U.S. mortgage applications fell to their lowest levels in six weeks even as home borrowing costs turned cheaper as a result of lower bond yields, the Mortgage Bankers Association said on Wednesday.
The Washington-based group’s seasonally adjusted index on mortgage activity to buy a home and to refinance one declined 4.3% to 407.2 in week ended April 26, which was the lowest reading since 390.0 in the week of March 15.
"Mortgage rates were lower last week, with the 30-year fixed rate declining to 4.42 percent, as concerns over global growth, particularly in Germany, outweighed more positive domestic news on first quarter GDP growth and business investment," said Joel Kan, MBA Associate Vice President of Economic and Industry Forecasting.

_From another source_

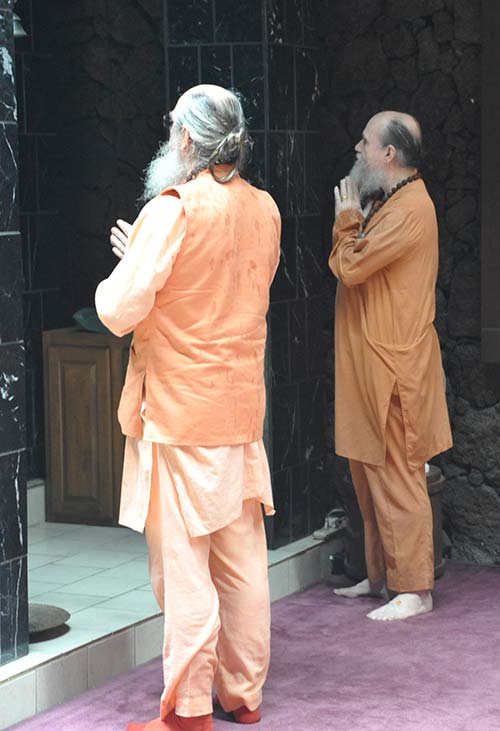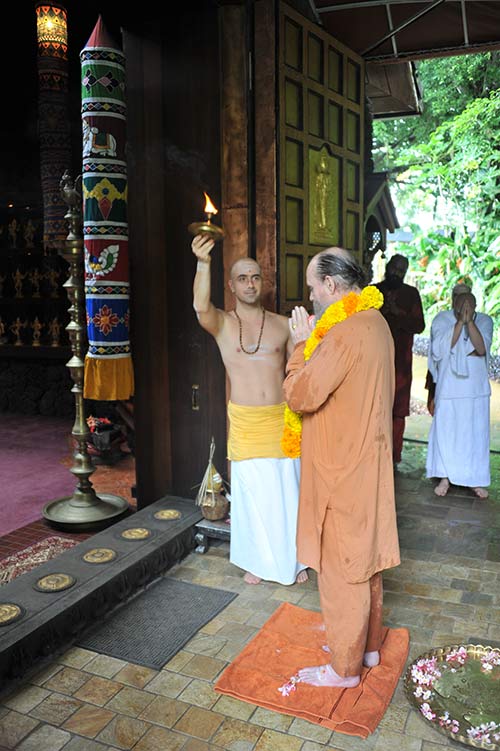 Arriving monks always go to Kadavul for arati and blessings from Lord Ganesha, Lord Muruga and Lord Nataraja, welcoming them home.

"Applications to refinance and purchase a home both fell, but purchase activity still remained slightly above year ago levels. The drop in refinances were driven by fewer FHA and VA loan applications, which typically lag the movement of conventional loans."
Kan noted the adjustable-rate mortgage share of applications decreased to 6.2 percent, its lowest share since August 2018. "So far in 2019, we continue to see a preference for 7/1 ARMs, which account for around 36 percent of all ARM applications, followed by 10/1 and 5/1 ARMs," he said. "This is another indication that the few borrowers who choose to apply for ARM loans are electing to reap the benefit of lower rates, as well as some rate stability."
MBA reported the average contract interest rate for 30-year fixed-rate mortgages with conforming loan balances ($484,350 or less) decreased to 4.42 percent from 4.46 percent, with points increasing to 0.46 from 0.44 (including the origination fee) for 80 percent loan-to-value ratio (LTV) loans. The effective rate decreased from last week.
The average contract interest rate for 15-year fixed-rate mortgages decreased to 3.81 percent from 3.87 percent, with points decreasing to 0.40 from 0.44 (including the origination fee) for 80 percent LTV loans. The effective rate decreased from last week.